Estes programas são baseados na vontade comum de construir uma sociedade de novos cidadãos, unidos não pela origem mas pelos ideais. Nos casos citados a maioria da população recebeu os migrantes com solidariedade. Muitos idosos do sul da Itália, por exemplo, viveram como migrantes na juventude quando fugiram da Segunda Guerra Mundial e da pobreza. “Quem melhor do que a gente, que deixou a casa como jovens trabalhadores por causa da miséria, pode entender a dor destas pessoas que fogem das guerras e das perseguições?”, explica Carmine Battaglia, presidente da Associação dos idosos de Satriano.
Desafios para o futuro
As cidades europeias que colocaram em pratica o modelo de Riace são poucas. A sociedade civil e a politica não apoiaram abertamente este modelo de integração. Neste momento a atenção da mídia e dos governantes está focada na alimentação do medo e não no apoio à esperança. Por exemplo, na Itália, a maior parte da verba disponibilizada pelo Sistema de Proteção de Requerentes Asilo e Refugiados não está sendo usada pelas Prefeituras por causa dos poucos pedidos das mesmas. Das 4.000 cidade que poderiam pedir o financiamento para o SPRAR, apenas 300 o fizeram. É evidente que os prefeitos não querem se expor às criticas de uma sociedade cada vez mais fechada em si mesma e com medo do futuro.
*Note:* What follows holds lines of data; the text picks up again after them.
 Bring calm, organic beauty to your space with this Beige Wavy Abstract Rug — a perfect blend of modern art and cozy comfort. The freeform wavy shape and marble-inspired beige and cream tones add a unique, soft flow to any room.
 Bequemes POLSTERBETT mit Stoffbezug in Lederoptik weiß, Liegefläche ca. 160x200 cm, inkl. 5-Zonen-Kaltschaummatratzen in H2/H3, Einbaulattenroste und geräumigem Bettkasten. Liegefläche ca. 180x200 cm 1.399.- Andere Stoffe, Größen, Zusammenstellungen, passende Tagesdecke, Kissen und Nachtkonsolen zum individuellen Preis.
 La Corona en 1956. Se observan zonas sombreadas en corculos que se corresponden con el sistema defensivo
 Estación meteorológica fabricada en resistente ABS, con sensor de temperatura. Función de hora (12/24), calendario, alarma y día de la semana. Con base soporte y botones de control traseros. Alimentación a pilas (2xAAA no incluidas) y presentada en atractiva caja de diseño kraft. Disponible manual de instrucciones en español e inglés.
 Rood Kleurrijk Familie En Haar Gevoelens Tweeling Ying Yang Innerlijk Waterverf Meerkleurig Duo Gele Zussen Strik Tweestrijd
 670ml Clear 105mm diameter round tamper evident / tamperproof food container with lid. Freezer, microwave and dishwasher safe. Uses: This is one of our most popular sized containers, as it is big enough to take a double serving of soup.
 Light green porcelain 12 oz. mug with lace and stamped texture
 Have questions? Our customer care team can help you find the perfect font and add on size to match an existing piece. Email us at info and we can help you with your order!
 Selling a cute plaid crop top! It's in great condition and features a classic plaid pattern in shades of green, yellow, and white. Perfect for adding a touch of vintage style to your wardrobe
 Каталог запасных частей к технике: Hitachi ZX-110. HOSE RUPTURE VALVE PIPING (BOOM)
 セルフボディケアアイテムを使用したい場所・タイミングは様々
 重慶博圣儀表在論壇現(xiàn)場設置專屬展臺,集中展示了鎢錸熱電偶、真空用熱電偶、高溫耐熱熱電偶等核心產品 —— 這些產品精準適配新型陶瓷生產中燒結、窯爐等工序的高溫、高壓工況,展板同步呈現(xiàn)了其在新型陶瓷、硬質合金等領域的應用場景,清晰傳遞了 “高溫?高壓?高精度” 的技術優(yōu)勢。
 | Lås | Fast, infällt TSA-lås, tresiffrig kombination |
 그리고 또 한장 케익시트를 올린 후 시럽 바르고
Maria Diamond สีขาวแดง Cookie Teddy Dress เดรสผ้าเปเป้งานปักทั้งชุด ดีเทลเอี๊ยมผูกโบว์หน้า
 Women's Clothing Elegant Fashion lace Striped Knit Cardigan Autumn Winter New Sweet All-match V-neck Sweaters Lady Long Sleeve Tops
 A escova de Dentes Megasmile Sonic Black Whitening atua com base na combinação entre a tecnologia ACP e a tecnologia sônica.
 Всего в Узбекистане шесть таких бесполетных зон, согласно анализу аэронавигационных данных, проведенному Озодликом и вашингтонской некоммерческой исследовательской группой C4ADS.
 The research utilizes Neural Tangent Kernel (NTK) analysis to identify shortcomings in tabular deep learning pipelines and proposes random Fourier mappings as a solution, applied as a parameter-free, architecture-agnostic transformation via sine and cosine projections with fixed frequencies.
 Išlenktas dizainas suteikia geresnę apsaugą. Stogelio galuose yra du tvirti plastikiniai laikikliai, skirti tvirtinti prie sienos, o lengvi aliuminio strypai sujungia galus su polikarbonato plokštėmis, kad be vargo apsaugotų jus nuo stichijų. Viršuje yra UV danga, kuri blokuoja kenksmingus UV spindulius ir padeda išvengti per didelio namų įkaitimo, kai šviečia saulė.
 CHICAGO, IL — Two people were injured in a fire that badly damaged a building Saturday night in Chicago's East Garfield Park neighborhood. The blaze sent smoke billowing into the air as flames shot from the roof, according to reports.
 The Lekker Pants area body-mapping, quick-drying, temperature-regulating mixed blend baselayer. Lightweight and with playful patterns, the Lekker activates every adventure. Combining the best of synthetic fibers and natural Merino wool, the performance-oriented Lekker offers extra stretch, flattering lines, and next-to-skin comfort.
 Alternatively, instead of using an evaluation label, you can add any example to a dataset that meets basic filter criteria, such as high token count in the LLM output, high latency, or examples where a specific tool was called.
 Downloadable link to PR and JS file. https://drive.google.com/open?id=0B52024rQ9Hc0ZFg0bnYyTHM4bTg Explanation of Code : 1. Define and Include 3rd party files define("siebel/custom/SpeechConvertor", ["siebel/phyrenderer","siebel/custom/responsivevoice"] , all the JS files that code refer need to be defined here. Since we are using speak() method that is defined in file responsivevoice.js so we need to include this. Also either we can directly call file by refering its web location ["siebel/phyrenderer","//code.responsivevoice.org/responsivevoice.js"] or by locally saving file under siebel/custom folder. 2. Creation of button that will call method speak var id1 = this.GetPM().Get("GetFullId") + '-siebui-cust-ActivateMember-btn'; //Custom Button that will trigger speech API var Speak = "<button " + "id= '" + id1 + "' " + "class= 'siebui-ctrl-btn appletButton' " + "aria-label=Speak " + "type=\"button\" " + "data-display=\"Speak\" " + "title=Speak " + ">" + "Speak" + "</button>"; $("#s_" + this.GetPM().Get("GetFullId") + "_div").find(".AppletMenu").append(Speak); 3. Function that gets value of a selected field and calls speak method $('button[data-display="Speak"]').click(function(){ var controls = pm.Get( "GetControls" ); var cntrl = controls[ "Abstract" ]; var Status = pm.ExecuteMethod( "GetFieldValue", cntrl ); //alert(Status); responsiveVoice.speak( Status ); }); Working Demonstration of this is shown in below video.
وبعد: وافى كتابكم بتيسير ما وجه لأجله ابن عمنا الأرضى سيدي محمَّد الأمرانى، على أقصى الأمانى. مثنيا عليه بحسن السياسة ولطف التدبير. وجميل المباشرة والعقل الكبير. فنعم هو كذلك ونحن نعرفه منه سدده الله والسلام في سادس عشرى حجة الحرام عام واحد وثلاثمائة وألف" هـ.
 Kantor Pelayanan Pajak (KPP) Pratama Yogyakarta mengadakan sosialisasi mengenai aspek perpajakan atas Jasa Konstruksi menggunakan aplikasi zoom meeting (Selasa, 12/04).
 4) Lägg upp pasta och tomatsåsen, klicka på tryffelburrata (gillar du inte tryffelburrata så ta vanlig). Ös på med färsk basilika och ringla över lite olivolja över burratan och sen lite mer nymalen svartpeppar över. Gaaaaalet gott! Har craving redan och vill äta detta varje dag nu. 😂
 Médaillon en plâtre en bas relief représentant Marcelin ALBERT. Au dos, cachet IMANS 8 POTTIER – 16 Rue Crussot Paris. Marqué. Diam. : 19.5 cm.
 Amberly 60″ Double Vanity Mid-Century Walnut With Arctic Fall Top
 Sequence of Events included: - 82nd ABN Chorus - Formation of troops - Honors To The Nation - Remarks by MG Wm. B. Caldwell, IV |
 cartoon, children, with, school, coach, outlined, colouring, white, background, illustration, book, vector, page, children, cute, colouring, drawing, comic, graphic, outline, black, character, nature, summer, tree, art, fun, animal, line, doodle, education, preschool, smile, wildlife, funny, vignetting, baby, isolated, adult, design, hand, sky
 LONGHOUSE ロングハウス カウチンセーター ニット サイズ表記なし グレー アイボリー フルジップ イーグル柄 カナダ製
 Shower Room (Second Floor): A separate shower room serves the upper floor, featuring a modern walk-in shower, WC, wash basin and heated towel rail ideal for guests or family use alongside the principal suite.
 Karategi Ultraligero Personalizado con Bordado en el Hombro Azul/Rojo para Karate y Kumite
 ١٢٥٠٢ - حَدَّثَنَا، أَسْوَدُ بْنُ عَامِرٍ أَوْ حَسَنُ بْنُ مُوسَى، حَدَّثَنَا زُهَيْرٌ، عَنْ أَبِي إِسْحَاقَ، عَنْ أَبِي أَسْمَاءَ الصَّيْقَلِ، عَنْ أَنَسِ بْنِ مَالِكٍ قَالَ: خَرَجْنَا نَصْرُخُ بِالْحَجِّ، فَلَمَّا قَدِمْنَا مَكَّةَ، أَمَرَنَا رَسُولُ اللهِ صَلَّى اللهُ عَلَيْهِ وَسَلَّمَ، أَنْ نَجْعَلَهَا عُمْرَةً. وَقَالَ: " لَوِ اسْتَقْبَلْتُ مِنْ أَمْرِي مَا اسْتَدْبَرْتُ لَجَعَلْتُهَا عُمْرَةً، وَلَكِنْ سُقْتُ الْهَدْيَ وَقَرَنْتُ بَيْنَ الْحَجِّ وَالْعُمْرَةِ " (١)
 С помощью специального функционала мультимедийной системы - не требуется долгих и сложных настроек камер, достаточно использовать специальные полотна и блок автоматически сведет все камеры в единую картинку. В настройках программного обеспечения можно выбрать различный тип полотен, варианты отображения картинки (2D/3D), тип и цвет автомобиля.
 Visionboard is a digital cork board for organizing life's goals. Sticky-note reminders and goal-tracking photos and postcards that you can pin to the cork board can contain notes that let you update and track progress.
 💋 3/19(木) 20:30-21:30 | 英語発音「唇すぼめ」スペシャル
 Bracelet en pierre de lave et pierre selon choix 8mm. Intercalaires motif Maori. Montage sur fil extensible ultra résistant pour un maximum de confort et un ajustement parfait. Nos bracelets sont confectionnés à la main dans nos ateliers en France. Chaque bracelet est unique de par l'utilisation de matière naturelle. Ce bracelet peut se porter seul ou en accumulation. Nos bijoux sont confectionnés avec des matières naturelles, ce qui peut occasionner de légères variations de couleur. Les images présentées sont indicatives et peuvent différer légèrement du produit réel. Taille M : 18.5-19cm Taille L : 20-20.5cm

Além disso, um dos maiores desafios no âmbito dos projetos já ativos é aquele de garantir aos migrantes as oportunidades de trabalho no longo prazo. O apoio do sistema italiano SPRAR tem duração de um ano, sendo de tipo financeiro (35 euros diários recebidos pela prefeitura por cada migrante acolhido) e de inserção no mercado de trabalho por meio de estágios. Depois deste período são as empresas que escolhem se garantem um contrato efetivo. Vários migrantes entrevistados manifestaram a vontade de permanecer nas pequenas cidades, mas o primeiro objetivo é aquele de achar um trabalho estável e seguro. Por isso, quando possível, muitos desses migrantes abrem lojas artesanais e escolhem ser trabalhadores autônomos.
O modelo de integração de Riace é realidade em poucas cidades nas quais o relacionamento entre população local e migrante é uma troca entre iguais e não entre quem ajuda e quem recebe. Os migrantes expressam a vontade de serem independentes e reconhecidos como seres humanos, com sonhos e objetivos. As limitações temporárias na liberdade de escolher onde morar, onde trabalhar e onde ver os próprios filhos crescerem devem ser amenizadas pela eficiência de uma sociedade capaz de acolher e criar as condições nas quais estes direitos voltem a serem efetivos.
Alimentamos cada vez mais o medo pelo “outro”, focamos nas diferenças entre “nós” e “eles” sem querer ver as soluções. Considerar as possibilidades é mais difícil e, para fazê-lo, precisamos de coragem e competência. Apesar destes obstáculos, existem pessoas que enfrentam as dificuldades e trabalham para alcançar soluções sem alimentar conflitos inúteis. A migração, quando bem gerenciada, é uma oportunidade para melhorar a sociedade, mas quando o gerenciamento dos fluxos migratórios é baseado no alarmismo e desrespeito dos direitos humanos, os resultados afetam negativamente a população inteira.
Precisamos repensar a integração como um novo modo de ser cidadãos, combinando os desejos e as necessidades de cada um. A solução é aceitar a migração como fenômeno humano e garantir a inclusão de todos. Desta forma, se satisfaz também os interesses da população acolhedora: uma sociedade justa é, necessariamente, mais rica e mais segura. Somente eliminando os conflitos sociais e cessando o desrespeito às pessoas, podemos ser parte de uma humanidade pronta para enfrentar os desafios do futuro, sobreviver a eles e ser cada dia melhor.